Schließlich entscheide ich mich für die besten Kleider, die ich besitze – viele gute Hemden habe ich nicht mehr, weil ich im letzten Jahr gewachsen bin, und nun trage ich hauptsächlich alte Sachen von meinen älteren Brüdern Romin und Jurto. Aber mein schönstes Hemd aus weichem, reinweißem Leinen passt noch, und zusammen mit einer schlichten Baumwollhose und den Sonntagsstiefeln sehe ich ganz passabel aus, wie ich feststelle. Das dürfte auch meine Mutter zufrieden stellen.
Während ich mein Gesicht wasche und mein Haar flüchtig kämme, bewundere ich mit bitterem Lächeln die Ironie des Ganzen. In ganz Panem machen sich die Leute an diesem Tag schön, nur dass vierundzwanzig von ihnen dann im besten Sonntagsstaat zu den Hungerspielen gesandt werden. Man schickt die Kinder, die Jugendlichen, letzten Endes die Marionetten des Kapitols, in den sicheren Tod und zieht sie gut an, damit die Kapitolbewohner ihre Freude daran haben. Würde man deren Kinder in die Arena entsenden, sie würden die Hungerspiele sofort abschaffen. Beim bloßen Gedanken an diese Arroganz, diese Überheblichkeit, wird mir fast schlecht.
Warum können wir uns nicht wehren? Warum nur hat das Kapitol solche Macht über uns? Warum sind wir nur Puppen in ihren Spielen? Und, am wichtigsten, können wir das ändern? Diese Fragen toben seit Jahren in meinem Kopf und ich sehne mich danach, sie zu stellen, um endlich Antworten zu erlangen, die das Gefühl der hilflosen Ohnmacht vertreiben.

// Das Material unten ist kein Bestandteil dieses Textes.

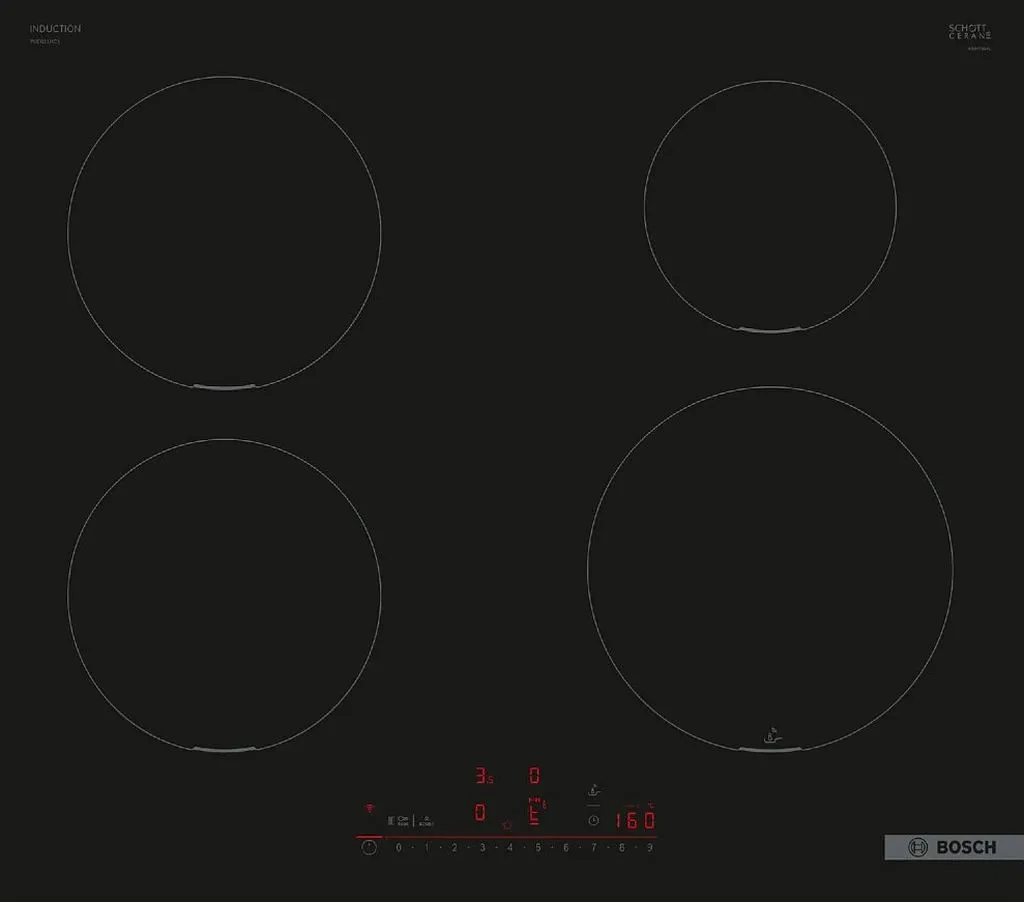 Das Induktionskochfeld bietet eine rahmenlose Ausführung aus schwarzer Glaskeramik mit modernen Bedienfunktionen. Es ist mit vier Kochzonen ausgestattet, die unterschiedliche Durchmesser und Maximalleistungen aufweisen, sowie einer DirectSelect-Steuerung und neun Leistungsstufen. Zu den integrierten Funktionen zählen Home Connect, PowerBoost, PanBoost, PerfectFry-Bratsensor, ReStart, QuickStart, Timerfunktionen, Kindersicherung, Pause-Funktion, Warmhaltefunktion und eine individuelle Sicherheitsabschaltung. Die technischen Einbaumaße, die Leistung sowie die elektrischen Anschlussdaten sind für die fachgerechte Installation angegeben.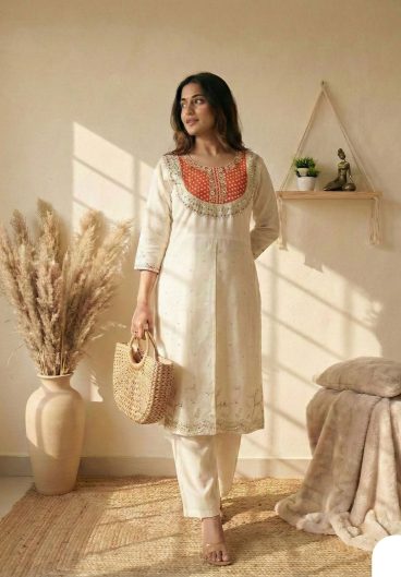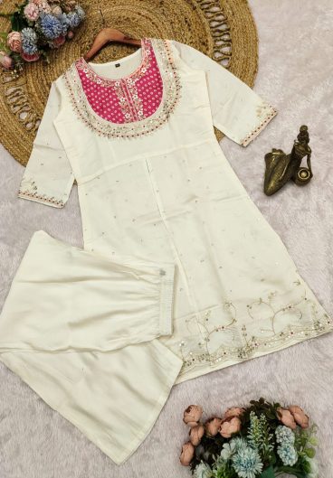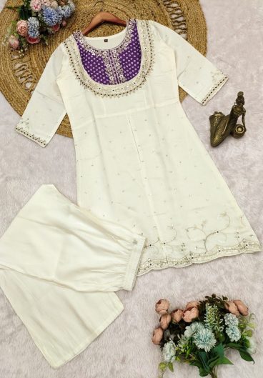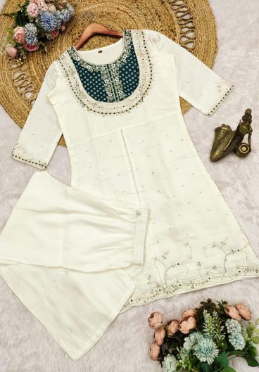 Luxurious Roman Silk with Elegant Embroidery Work Co-Ord Set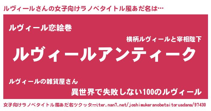 | 意味不明あだ名 | 『自称ルヴィール』『永久保存ルヴィール』 |

Natürlich spreche ich sie nicht aus. Die Wände haben in ganz Panem gute Ohren, von daher wäre es purer Leichtsinn oder auch schlicht Lebensmüdigkeit, sich in irgendeiner Form kritisch über das Kapitol zu äußern. Niemand weiß etwas Genaues über die Methoden, mit denen sie ihre Gegner zum Schweigen bringen, aber das macht es nur noch schlimmer. Wo die Fakten aufhören, fängt die Fantasie an und ich vermute, dass das Kapitol genau das erreichen will.
Ich mustere mich noch einmal kurz in der dunkel hinterlegten Glasscheibe, die uns als Spiegel dient, seit der alte vor acht Jahren kaputtgegangen ist. Um ihn zu ersetzen, fehlt sogar uns als relativ wohlhabender Familie das Geld. Luxusware, wie etwa ein Spiegel, ist sehr teuer. Als besonders hübsch habe ich mich nie empfunden, aber auch mir fällt auf, dass meine im Moment leicht zerzausten blonden Haare und blauen Augen gut mit dem weißen Hemd harmonieren. Noch einmal fahre ich mit dem Kamm durch meine kinnlangen Wellen und ziehe einen akkuraten Scheitel, aber trotzdem fallen mir immer noch einige widerspenstige Strähnen in die Stirn. Mutter würde wieder schimpfen, aber egal. Einen Hauch von Rebellion gegen das Marionettendasein, in diesem Fall mit unordentlichen Haaren, werde ich mir wohl erlauben.
Flüchtig streiche ich die raue Wolldecke auf meinem Bett glatt und schüttle das Kissen auf. Dann verlasse ich den Raum und schließe leise die Tür hinter mir.
Am Fuß der Treppe erwartet mich bereits Jurto, mein ältester Bruder, mit einem Stück hellen Dinkelbrotes in der Hand. „Na, Peeta, du Schlafmütze, kommst du endlich zum Frühstück? Es ist schon fast acht Uhr."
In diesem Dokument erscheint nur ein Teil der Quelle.